*TASK STATEMENT*. This exercise asks for an exact copy of the lines from the one containing "-49%Christian Personalized Initial" through the final line of the material, with pictures omitted.
====== DATA SECTION
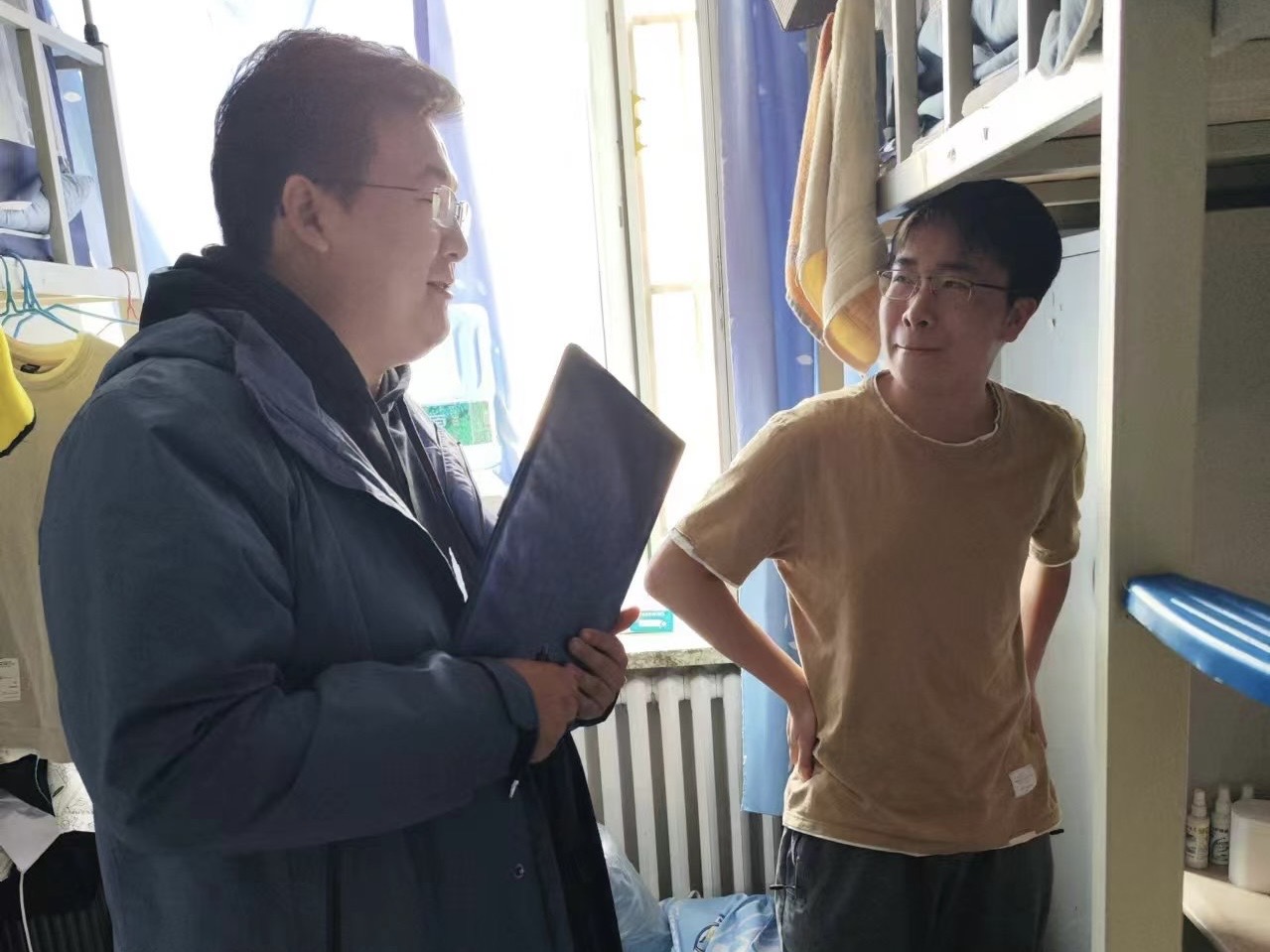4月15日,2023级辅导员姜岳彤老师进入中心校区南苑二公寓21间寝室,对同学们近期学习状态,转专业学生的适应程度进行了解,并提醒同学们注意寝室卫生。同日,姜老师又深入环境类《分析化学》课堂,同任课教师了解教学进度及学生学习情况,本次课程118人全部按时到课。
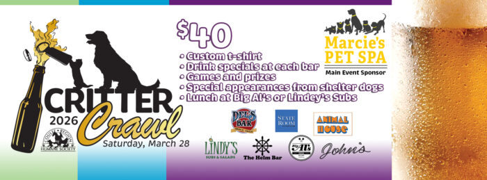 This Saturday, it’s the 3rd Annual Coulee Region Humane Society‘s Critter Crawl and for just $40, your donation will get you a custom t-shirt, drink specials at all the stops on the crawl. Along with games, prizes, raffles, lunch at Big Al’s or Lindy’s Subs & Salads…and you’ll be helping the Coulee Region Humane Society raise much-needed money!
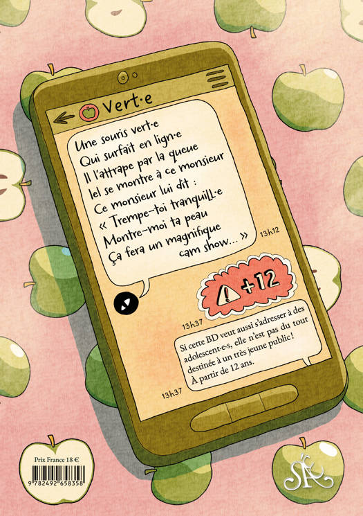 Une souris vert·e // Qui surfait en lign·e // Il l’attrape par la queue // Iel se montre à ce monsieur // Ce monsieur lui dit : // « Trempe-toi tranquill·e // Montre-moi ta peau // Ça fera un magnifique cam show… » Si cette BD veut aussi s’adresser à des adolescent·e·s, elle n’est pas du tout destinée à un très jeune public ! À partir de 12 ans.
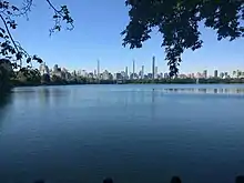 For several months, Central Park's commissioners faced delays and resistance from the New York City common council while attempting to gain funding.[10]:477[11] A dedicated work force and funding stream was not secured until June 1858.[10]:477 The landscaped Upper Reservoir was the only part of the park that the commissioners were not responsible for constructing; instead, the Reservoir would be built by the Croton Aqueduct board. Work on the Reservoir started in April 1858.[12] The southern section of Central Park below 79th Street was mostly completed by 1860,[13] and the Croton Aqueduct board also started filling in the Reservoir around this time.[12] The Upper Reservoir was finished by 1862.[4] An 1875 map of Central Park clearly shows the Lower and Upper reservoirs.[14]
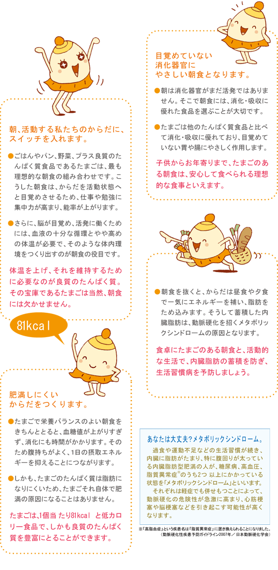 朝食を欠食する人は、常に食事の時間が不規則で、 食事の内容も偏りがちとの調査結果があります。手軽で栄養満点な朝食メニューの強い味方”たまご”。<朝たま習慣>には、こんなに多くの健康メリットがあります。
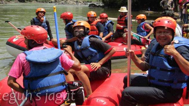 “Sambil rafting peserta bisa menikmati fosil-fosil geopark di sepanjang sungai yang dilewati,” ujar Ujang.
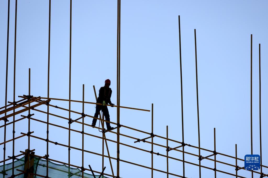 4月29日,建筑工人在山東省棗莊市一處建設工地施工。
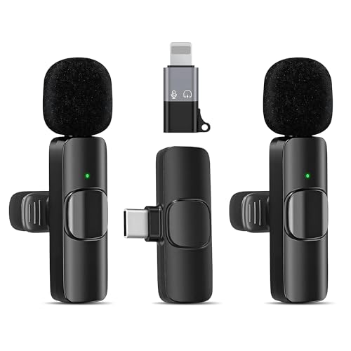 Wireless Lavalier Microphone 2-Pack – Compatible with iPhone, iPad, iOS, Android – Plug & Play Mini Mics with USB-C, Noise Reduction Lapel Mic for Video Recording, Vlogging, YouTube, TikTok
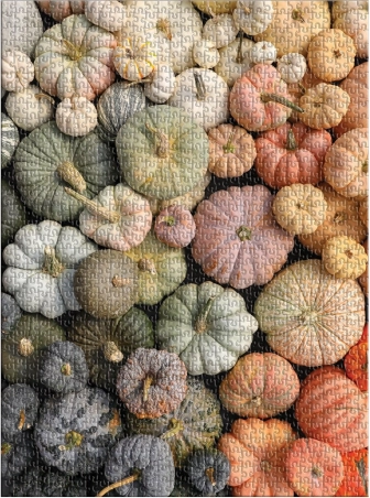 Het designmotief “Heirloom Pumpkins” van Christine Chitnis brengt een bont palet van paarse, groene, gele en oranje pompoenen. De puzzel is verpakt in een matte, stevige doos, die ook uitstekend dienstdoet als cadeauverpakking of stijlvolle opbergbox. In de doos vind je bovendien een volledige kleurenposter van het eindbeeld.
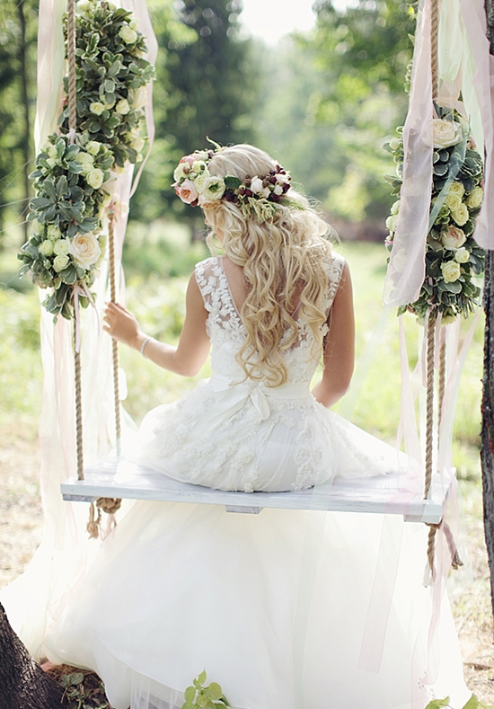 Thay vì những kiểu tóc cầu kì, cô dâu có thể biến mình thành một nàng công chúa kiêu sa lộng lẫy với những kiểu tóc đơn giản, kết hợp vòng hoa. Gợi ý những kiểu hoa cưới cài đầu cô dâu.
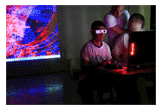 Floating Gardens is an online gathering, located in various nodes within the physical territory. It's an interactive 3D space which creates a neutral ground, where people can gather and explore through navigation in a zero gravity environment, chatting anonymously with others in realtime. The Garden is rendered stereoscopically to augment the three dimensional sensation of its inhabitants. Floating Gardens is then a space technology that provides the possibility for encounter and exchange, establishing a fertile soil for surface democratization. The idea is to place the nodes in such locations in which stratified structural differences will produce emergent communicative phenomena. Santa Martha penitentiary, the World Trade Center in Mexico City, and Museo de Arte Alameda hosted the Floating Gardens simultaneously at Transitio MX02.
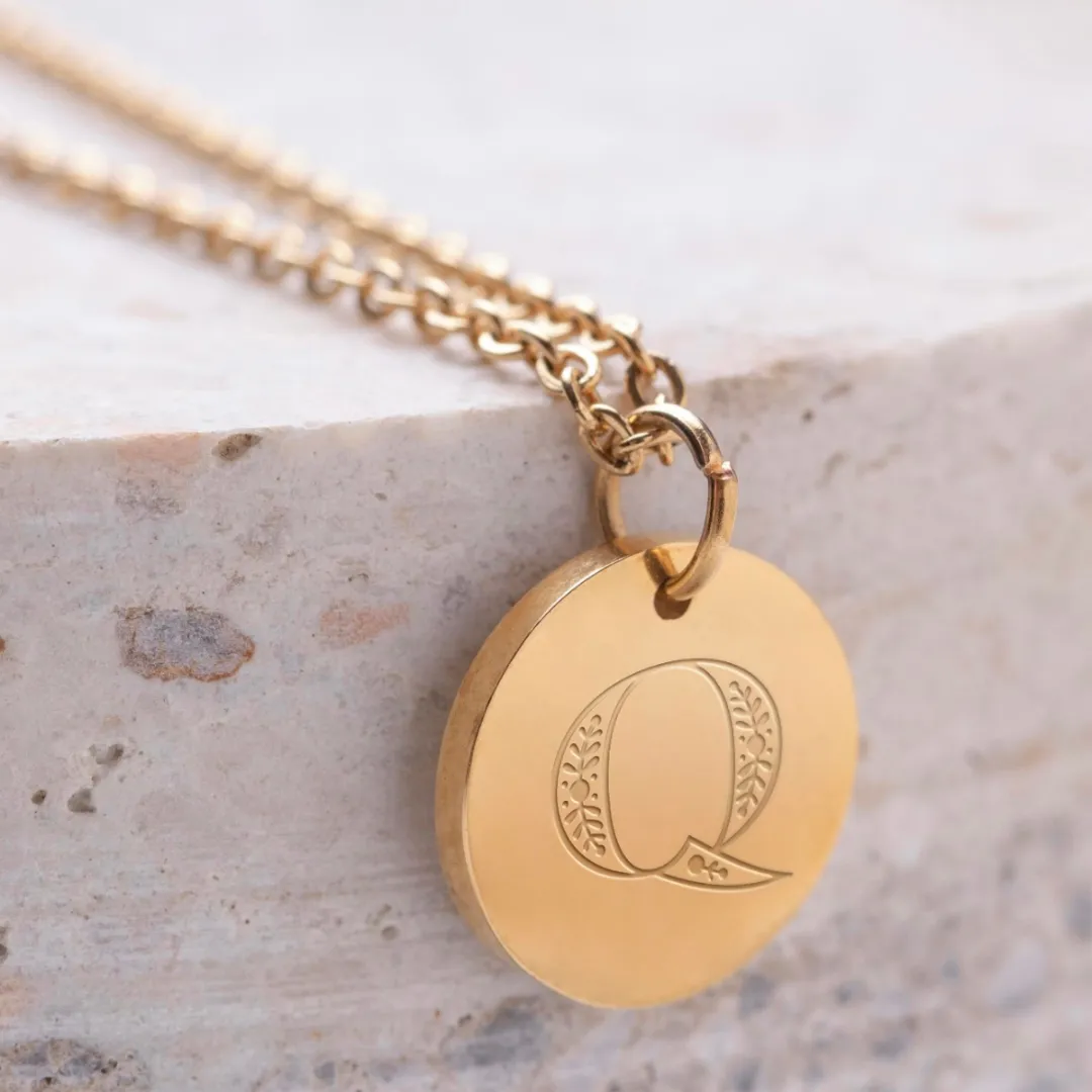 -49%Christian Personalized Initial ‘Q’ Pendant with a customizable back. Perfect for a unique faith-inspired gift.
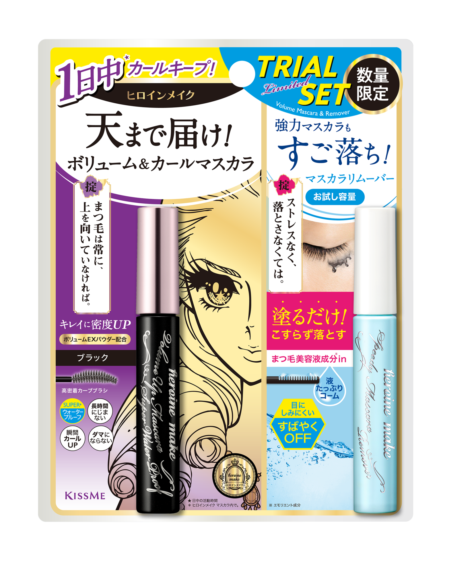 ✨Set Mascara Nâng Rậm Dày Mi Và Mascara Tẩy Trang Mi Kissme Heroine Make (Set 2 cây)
============
*RESPONSE TO THIS TASK*.
 -49%Christian Personalized Initial ‘Q’ Pendant with a customizable back. Perfect for a unique faith-inspired gift.
 ✨Set Mascara Nâng Rậm Dày Mi Và Mascara Tẩy Trang Mi Kissme Heroine Make (Set 2 cây)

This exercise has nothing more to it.